DATA RECORDS Block Start

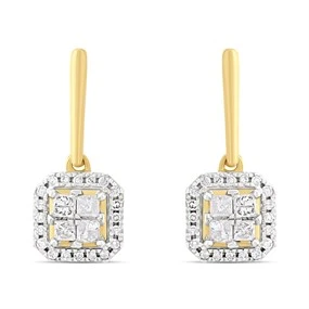 Reduced 9ct Square Princess Cut And Round Diamond Cluster Earrings, 1/3ct/pair - D96100 Matching Item Available Matching Item Available
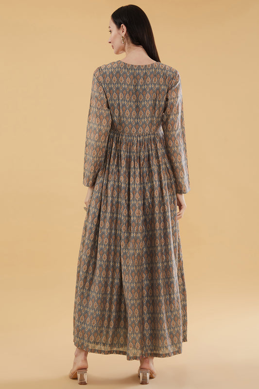 Teal Blue Cotton Silk Floral Printed Maxi Dress
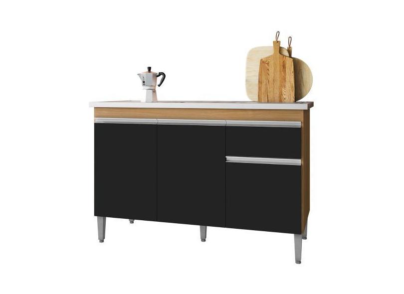 Balcão Para Pia Tatiane 120 cm Amendoa Preto AJL
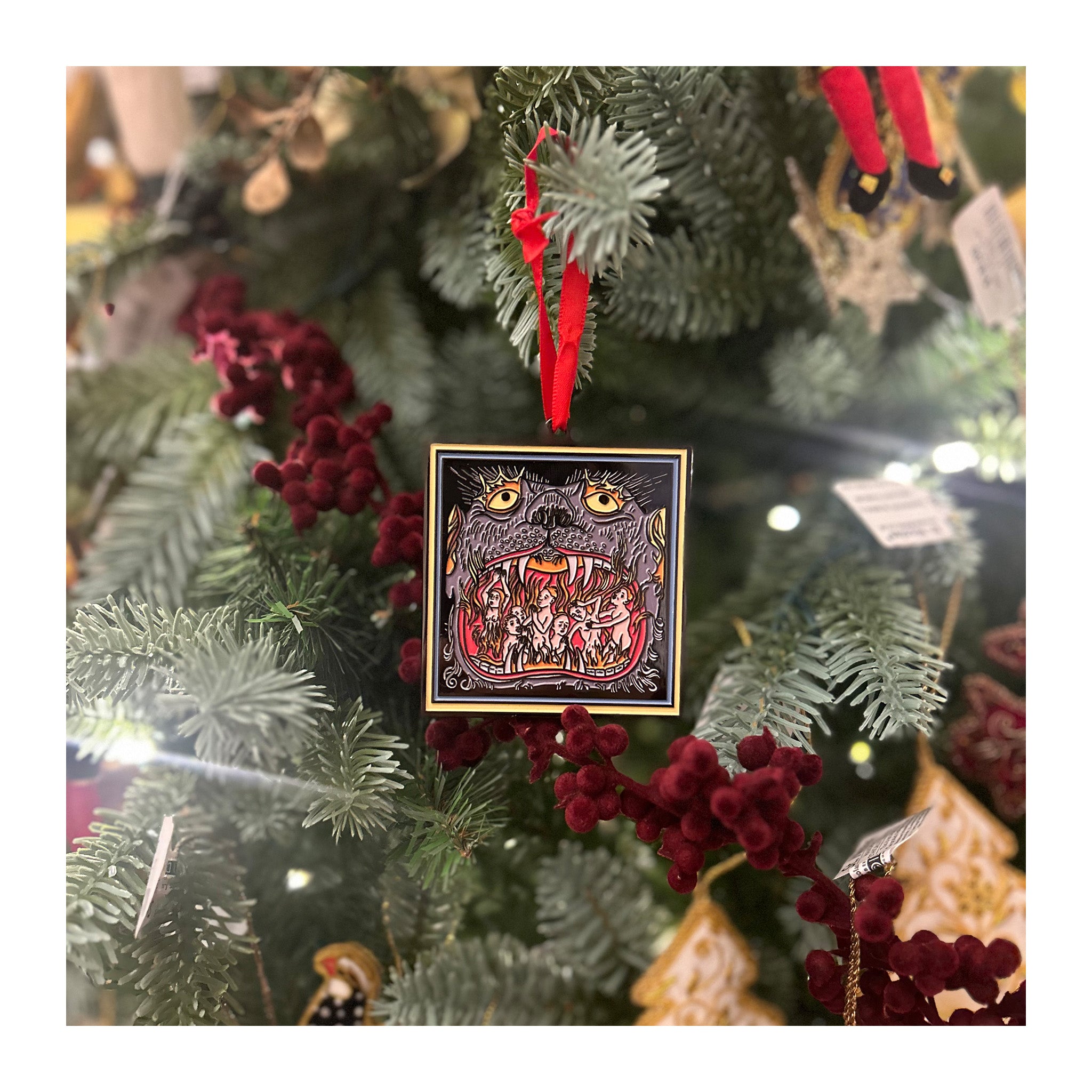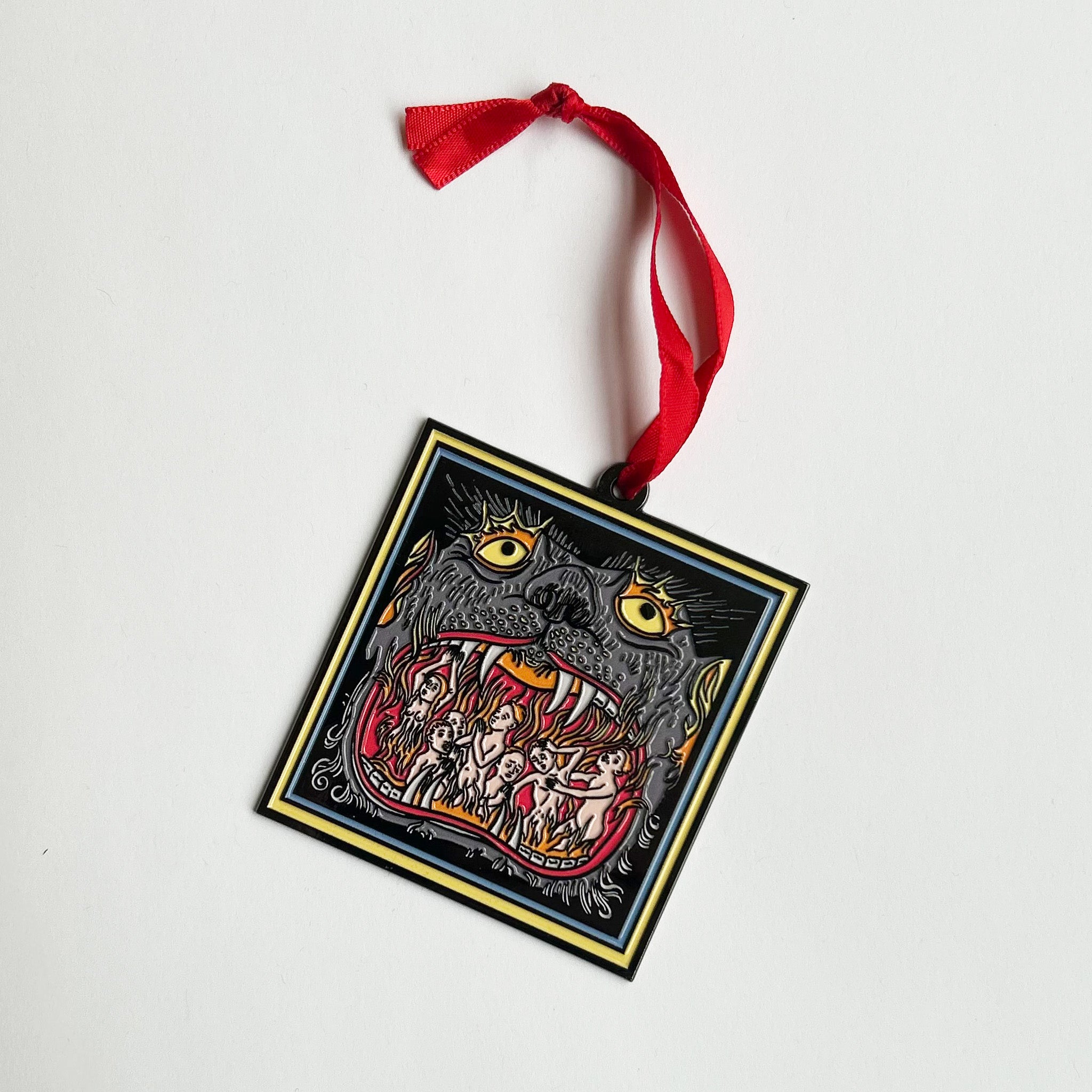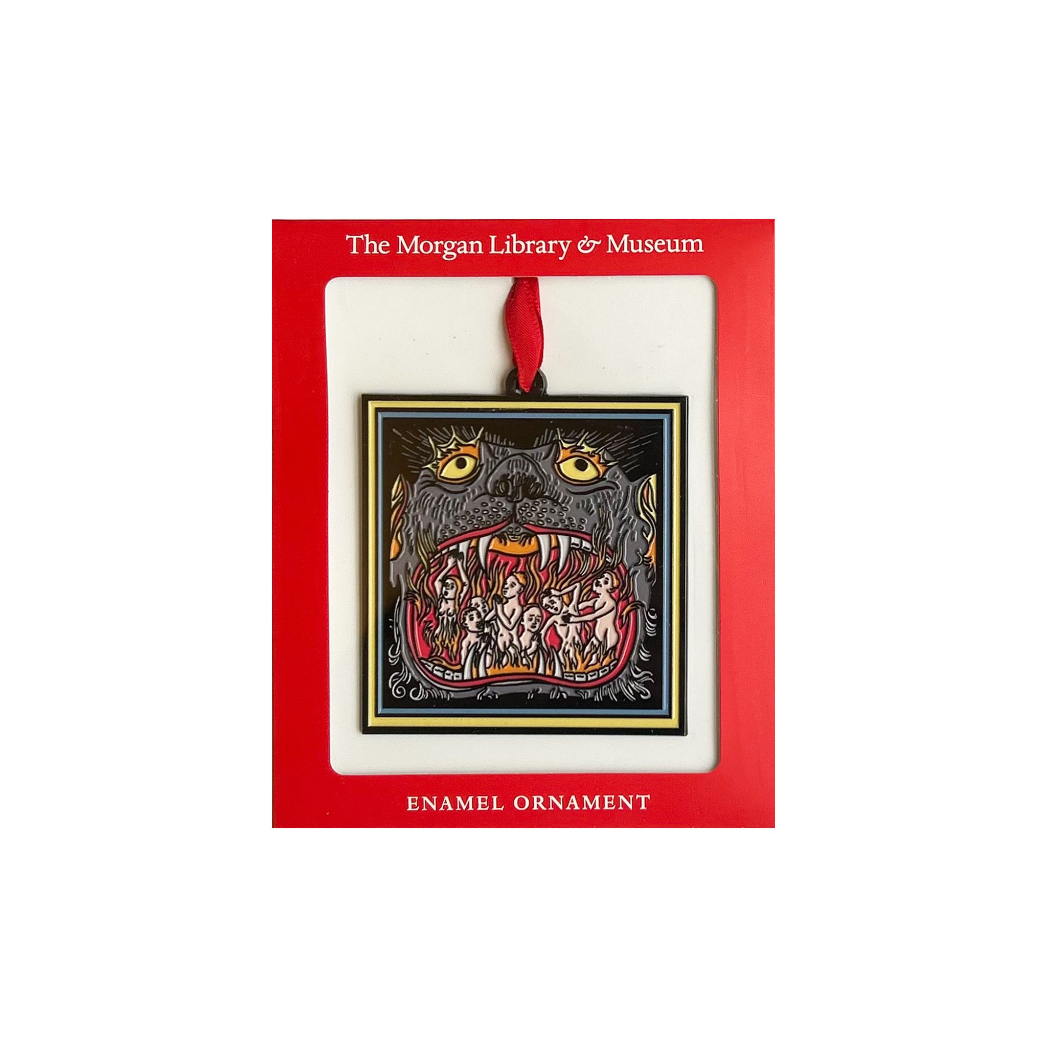 A conversation starter for sure! This enamel ornament highlights a popular image from the Morgan's famous manuscript the Hours of Catherine of Cleves. The large demon holds writhing figures in the burning flames of its mouth as these souls wait in the limbo of purgatory.
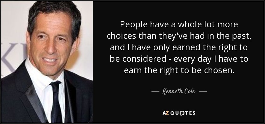 People have a whole lot more choices than they've had in the past, and I have only earned the right to be considered - every day I have to earn the right to be chosen.
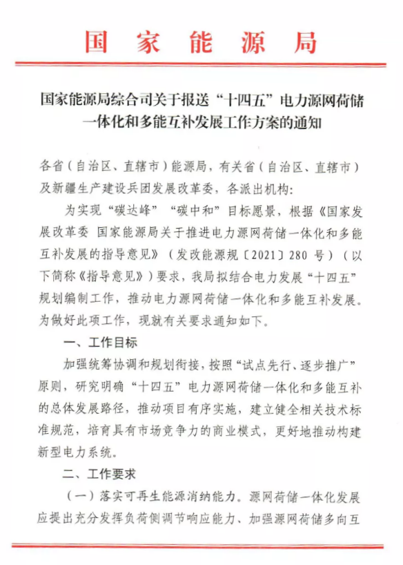 通知要求,各省級能源主管部門應積極開展電力源網(wǎng)荷儲一體化和多能互補項目及實施方案的分類組織論證、預期效果分析等工作,研究制定相關工作方案并于2021年5月30日前報送至能源局電力司。

DATA RECORDS Block End

● WORK REQUEST
Excluding all pictures, print exactly and only the lines from the line with "People have a" through the end of the records above, both ends included.

● RESPONSE BELOW
 People have a whole lot more choices than they've had in the past, and I have only earned the right to be considered - every day I have to earn the right to be chosen.
 通知要求,各省級能源主管部門應積極開展電力源網(wǎng)荷儲一體化和多能互補項目及實施方案的分類組織論證、預期效果分析等工作,研究制定相關工作方案并于2021年5月30日前報送至能源局電力司。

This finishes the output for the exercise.